*** GIVEN RECORDS ***

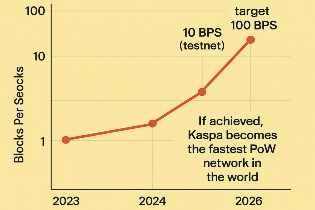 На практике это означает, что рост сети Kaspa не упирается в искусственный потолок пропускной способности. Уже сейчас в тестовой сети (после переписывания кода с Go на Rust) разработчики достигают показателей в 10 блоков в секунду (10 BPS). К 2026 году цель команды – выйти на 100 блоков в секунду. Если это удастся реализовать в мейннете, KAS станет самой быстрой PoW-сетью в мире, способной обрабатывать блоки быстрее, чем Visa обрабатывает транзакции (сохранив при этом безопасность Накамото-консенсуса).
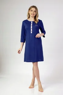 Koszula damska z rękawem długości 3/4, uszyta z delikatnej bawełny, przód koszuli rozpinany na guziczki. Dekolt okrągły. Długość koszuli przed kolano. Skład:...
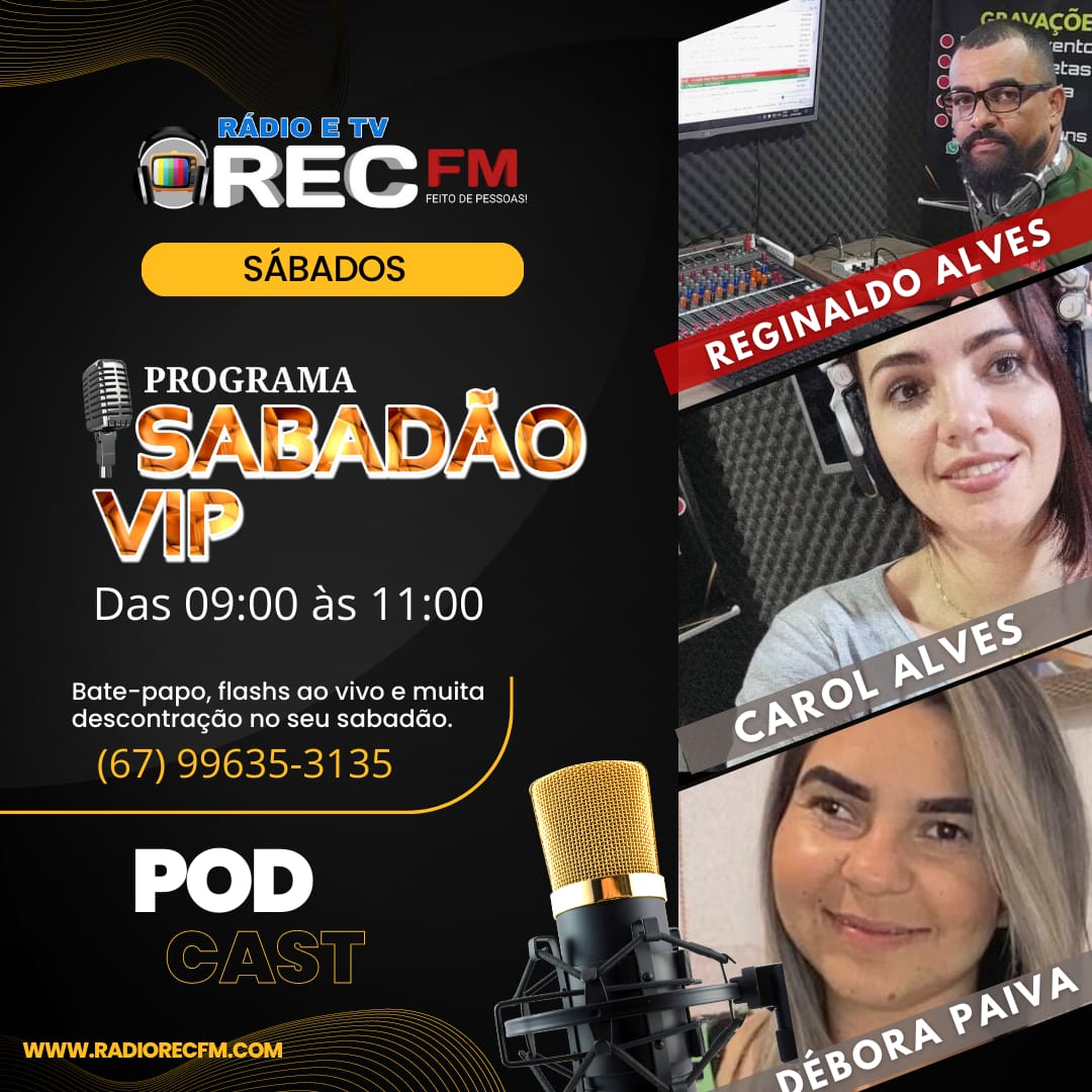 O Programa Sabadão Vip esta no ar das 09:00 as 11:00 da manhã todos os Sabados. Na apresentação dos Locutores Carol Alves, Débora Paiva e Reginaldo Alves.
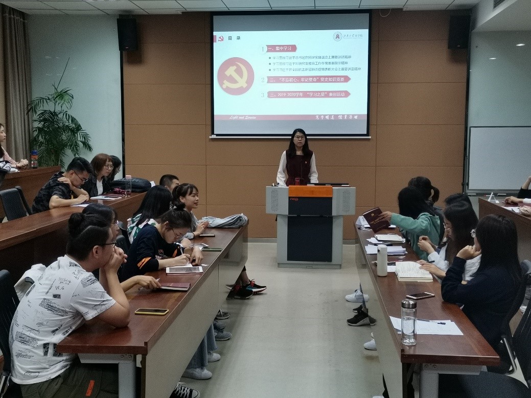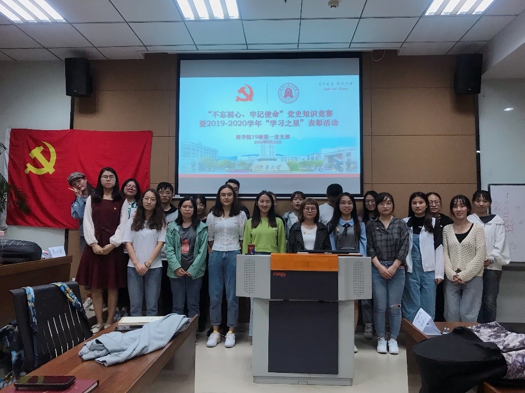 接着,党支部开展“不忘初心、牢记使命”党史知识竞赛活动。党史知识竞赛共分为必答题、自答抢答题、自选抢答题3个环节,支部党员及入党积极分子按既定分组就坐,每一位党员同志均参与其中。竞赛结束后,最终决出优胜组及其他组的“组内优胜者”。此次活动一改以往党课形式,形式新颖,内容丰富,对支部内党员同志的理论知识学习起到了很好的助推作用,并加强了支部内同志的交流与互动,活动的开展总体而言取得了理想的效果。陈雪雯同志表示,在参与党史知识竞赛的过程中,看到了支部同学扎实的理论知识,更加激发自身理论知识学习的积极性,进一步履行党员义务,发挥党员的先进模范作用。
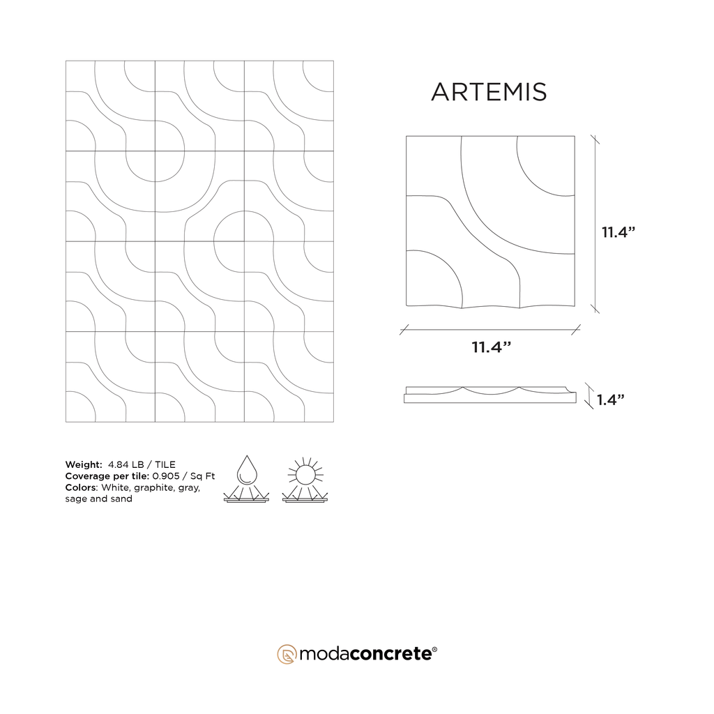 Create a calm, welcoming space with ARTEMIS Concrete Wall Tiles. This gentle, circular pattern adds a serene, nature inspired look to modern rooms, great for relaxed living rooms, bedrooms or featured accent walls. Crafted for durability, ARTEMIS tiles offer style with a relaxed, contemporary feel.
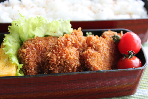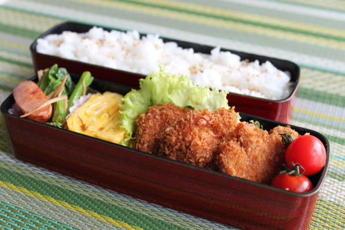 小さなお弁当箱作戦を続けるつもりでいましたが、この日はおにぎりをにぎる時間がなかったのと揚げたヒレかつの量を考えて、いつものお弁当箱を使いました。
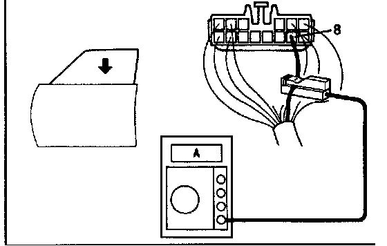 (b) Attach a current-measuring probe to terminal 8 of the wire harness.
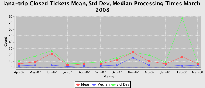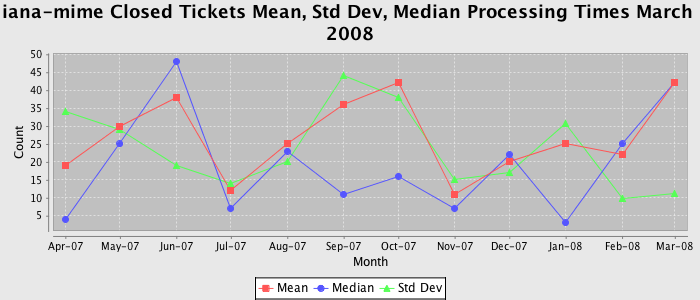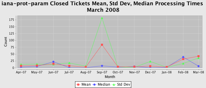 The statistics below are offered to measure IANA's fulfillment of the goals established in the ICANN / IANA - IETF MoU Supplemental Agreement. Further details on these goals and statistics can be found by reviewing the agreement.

***

EXERCISE: There should be an exact restatement of the lines from the line with "Create a calm, welcoming" through the last line of the entries above, and no pictures in it.

TASK OUTPUT:
 Create a calm, welcoming space with ARTEMIS Concrete Wall Tiles. This gentle, circular pattern adds a serene, nature inspired look to modern rooms, great for relaxed living rooms, bedrooms or featured accent walls. Crafted for durability, ARTEMIS tiles offer style with a relaxed, contemporary feel.
 小さなお弁当箱作戦を続けるつもりでいましたが、この日はおにぎりをにぎる時間がなかったのと揚げたヒレかつの量を考えて、いつものお弁当箱を使いました。
 (b) Attach a current-measuring probe to terminal 8 of the wire harness.
 The statistics below are offered to measure IANA's fulfillment of the goals established in the ICANN / IANA - IETF MoU Supplemental Agreement. Further details on these goals and statistics can be found by reviewing the agreement.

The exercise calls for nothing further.